_What you have to do_: For this exercise, write out the full listing that follows exactly and skip its pictures.

##### Information shown

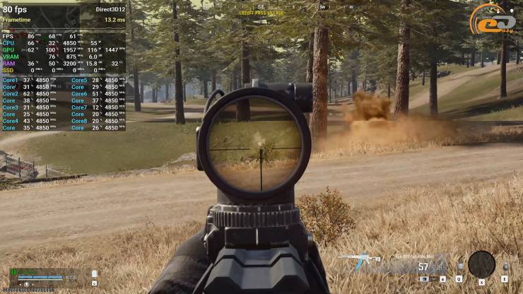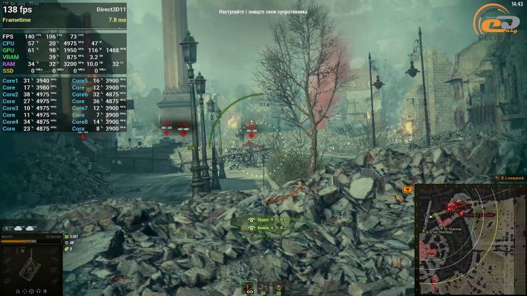 В заключение проверили производительность в недавно обновленной World of Tanks 2.0. Здесь даже на ультра настройках не возникает никаких вопросов к возможностям RTX 3050 преодолевать игры такого уровня. Итак, видим идеальный результат как на мониторинге, так и в реальности.
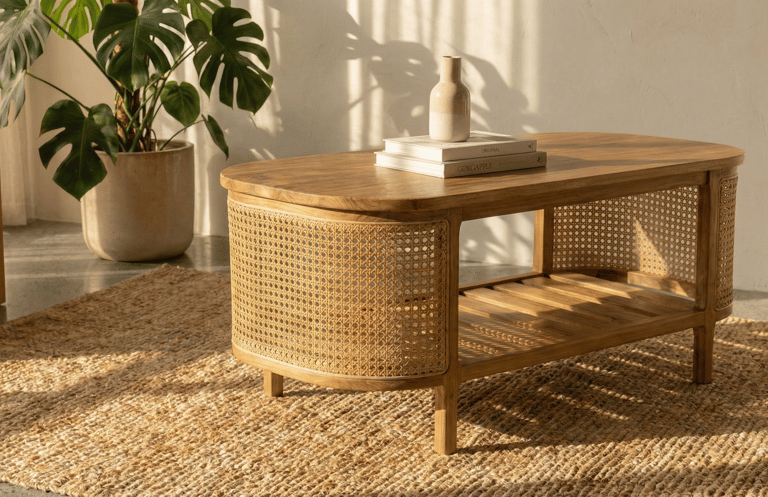 This elegant coffee table is crafted from high-quality solid wood, offering excellent strength, stability, and long-term durability. The smooth, rounded tabletop highlights the natural wood grain, creating a warm and inviting look that complements modern, Scandinavian, and tropical-inspired interiors.
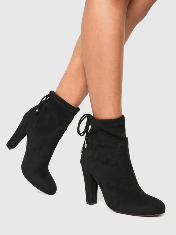 BOOHOO Wide Fit Faux Suede Ankle Detail Block Heeled Boots
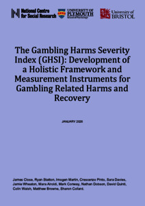 Close, James and Statton, Ryan and Martin, Imogen and Pinto, Crescenzo and Davies, Sara and Wheaton, Jamie and Airoldi, Mara and Conway, Mark and Dobson, Nathan and Quinti, David and Walsh, Colin and Browne, Matthew and Collard, Sharon (2026) The Gambling Harms Severity Index (GHSI): development of a holistic framework and measurement instruments for gambling related harms and recovery. London: National Centre for Social Research.
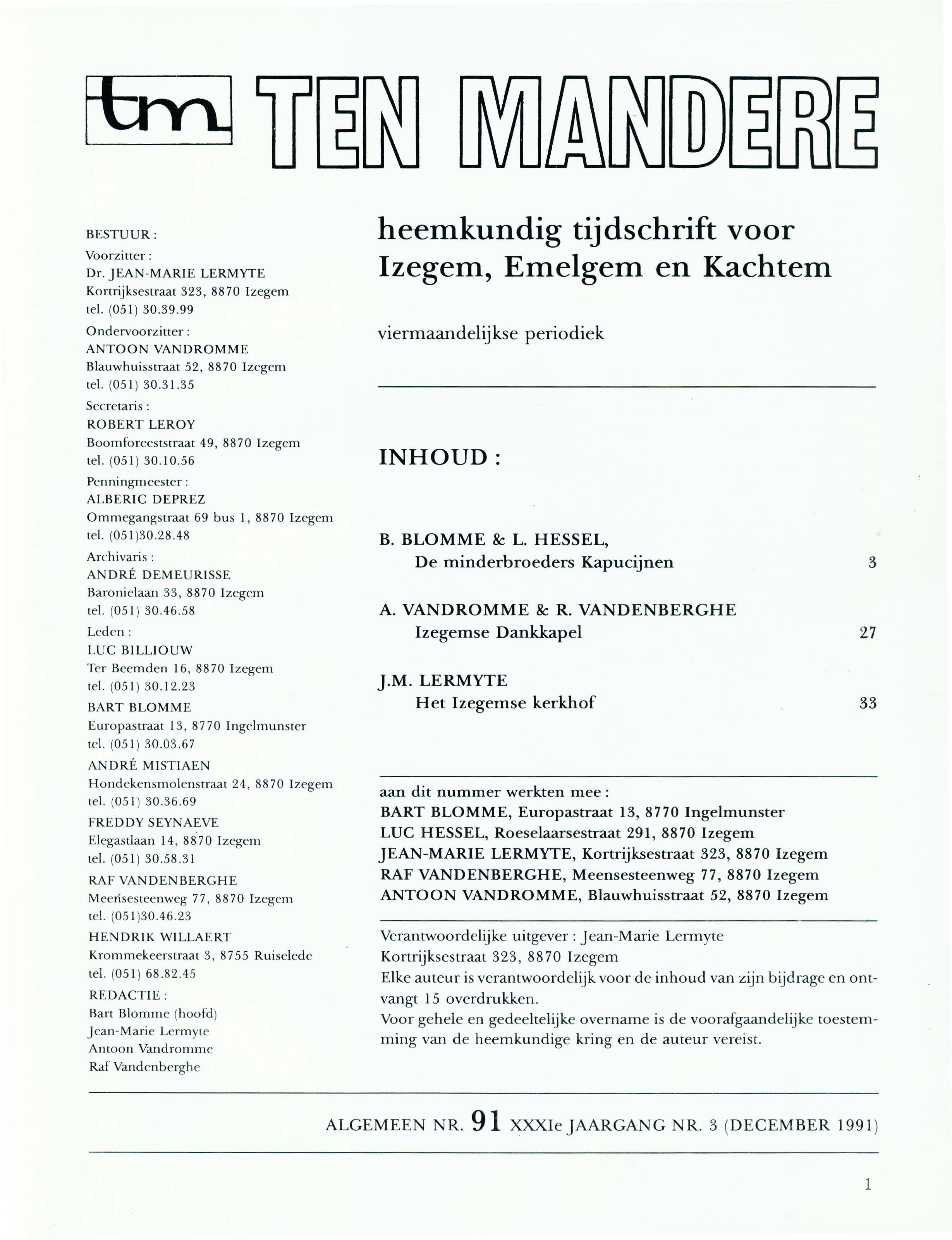 20. Zie v I. P. D [EC LERCQ] in De Mandelbode , 10 en 17 nov 19 51, aangevuld met herinneringen van Alb e n Vandomm elc.
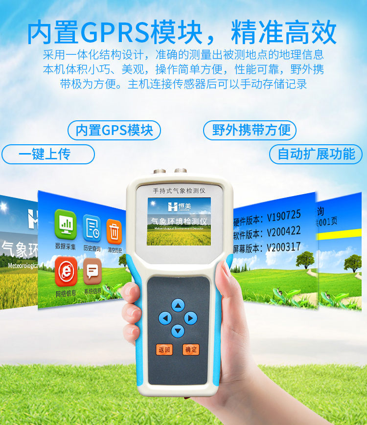 采用一體化結(jié)構(gòu)設(shè)計(jì),內(nèi)置GPS模塊,GPRS模塊,外置SD卡,能準(zhǔn)確的測量出被測地點(diǎn)的地理信息,界面除顯示所測環(huán)境參數(shù)、存儲數(shù)據(jù)外,還可顯示測點(diǎn)的經(jīng)緯度。通過內(nèi)置的GPRS一鍵上傳被測點(diǎn)的環(huán)境因子測量數(shù)據(jù)等。同時(shí)還可以通過外置SD卡直接把數(shù)據(jù)導(dǎo)出到電腦上。(可選)

##########

_Exercise output_:
 В заключение проверили производительность в недавно обновленной World of Tanks 2.0. Здесь даже на ультра настройках не возникает никаких вопросов к возможностям RTX 3050 преодолевать игры такого уровня. Итак, видим идеальный результат как на мониторинге, так и в реальности.
 This elegant coffee table is crafted from high-quality solid wood, offering excellent strength, stability, and long-term durability. The smooth, rounded tabletop highlights the natural wood grain, creating a warm and inviting look that complements modern, Scandinavian, and tropical-inspired interiors.
 BOOHOO Wide Fit Faux Suede Ankle Detail Block Heeled Boots
 Close, James and Statton, Ryan and Martin, Imogen and Pinto, Crescenzo and Davies, Sara and Wheaton, Jamie and Airoldi, Mara and Conway, Mark and Dobson, Nathan and Quinti, David and Walsh, Colin and Browne, Matthew and Collard, Sharon (2026) The Gambling Harms Severity Index (GHSI): development of a holistic framework and measurement instruments for gambling related harms and recovery. London: National Centre for Social Research.
 20. Zie v I. P. D [EC LERCQ] in De Mandelbode , 10 en 17 nov 19 51, aangevuld met herinneringen van Alb e n Vandomm elc.
 采用一體化結(jié)構(gòu)設(shè)計(jì),內(nèi)置GPS模塊,GPRS模塊,外置SD卡,能準(zhǔn)確的測量出被測地點(diǎn)的地理信息,界面除顯示所測環(huán)境參數(shù)、存儲數(shù)據(jù)外,還可顯示測點(diǎn)的經(jīng)緯度。通過內(nèi)置的GPRS一鍵上傳被測點(diǎn)的環(huán)境因子測量數(shù)據(jù)等。同時(shí)還可以通過外置SD卡直接把數(shù)據(jù)導(dǎo)出到電腦上。(可選)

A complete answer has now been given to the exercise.